3 Ways ChatGPT Can Help You Document Your Data Analytics Work

Maciej Gieparda
Microsoft Power BI
Published in
8 min readMar 22, 2023
That’s DALL-E again for a great visualization — that is “Writing Documentation”

Hello everybody! First, I am touched and thrilled by your huge interest in my previous article about my use cases of ChatGPT in Data Analytics Work! Thanks a lot! I also spot, that many of You were interested in using ChatGPT as support for writing documentation, so I decided to prepare a case study.

I will touch here on 3 aspects of writing documentation where ChatGPT can help:

  • Commenting code (Some people call it also a “clean code”, but it is also a part of documentation)
  • Writing a draft of documentation of Your code
  • Writing documentation of datasets/tables

Commenting Code

Let’s say that we did this analysis below, we wanted to predict the GDP of the countries in 2030 by applying simple Linear Regression.

import numpy as np
import pandas as pd
from sklearn.linear_model import LinearRegression
import matplotlib.pyplot as plt

df = pd.read_csv('data1.csv')

def predict_gdp(df, country):
years = np.arange(2010, 2023).reshape(-1, 1)
gdp = df[df['Country'] == country].iloc[:, 1:14].values.flatten()
model = LinearRegression()
model.fit(years, gdp)
future_years = np.arange(2023, 2031).reshape(-1, 1)
predictions = model.predict(future_years)

return predictions

for year in range(2023, 2031):
df[str(year)] = 0

for country in df['Country']:
predictions = predict_gdp(df, country)
df.loc[df['Country'] == country, '2023':'2030'] = predictions

df['Percentage_Increase'] = ((df['2030'] - df['2022']) / df['2022']) * 100
df = df.sort_values(by='Percentage_Increase', ascending=False)

plt.figure(figsize=(12, 6))
years = list(map(str, range(2010, 2031)))

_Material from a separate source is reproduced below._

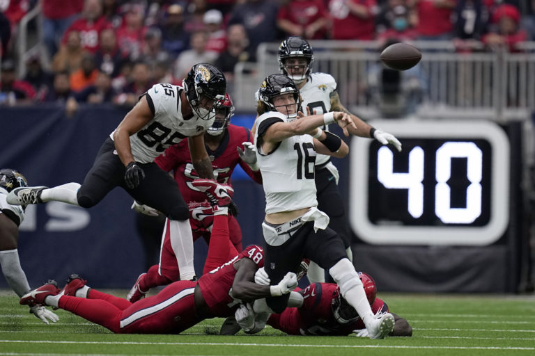 Rozohrávač Jacksonville Jaguars Trevor hodil neúplnú prihrávku počas prvého polčasu futbalového zápasu NFL v Houstone. Foto: SITA/AP.

for _, row in df.head(5).iterrows():
plt.plot(years, row[1:-1], label=row['Country'], marker='o')

plt.xlabel('Years')
plt.ylabel('GDP')
plt.title('GDP Predictions for Fastest-Growing Economies (2023-2030)')
plt.legend()
plt.grid()
plt.show()

We did a great job, and we want to publish our results, but we also want to be sure that our colleagues will understand what is in the code… We need to add comments everywhere huh? No, we don’t, pasting to Chatgpt gives us quite good results, all I need to add is just a command “Return this code snippet with comments describing what is happening in this code”. Remember to be precise about Your needs, so use words like “Return this code”, “comments”, and “in this code”. ChatGPT is a Language model (probably everybody heard) so it needs a direct command. (ChatGPT 4 is quite better in this case).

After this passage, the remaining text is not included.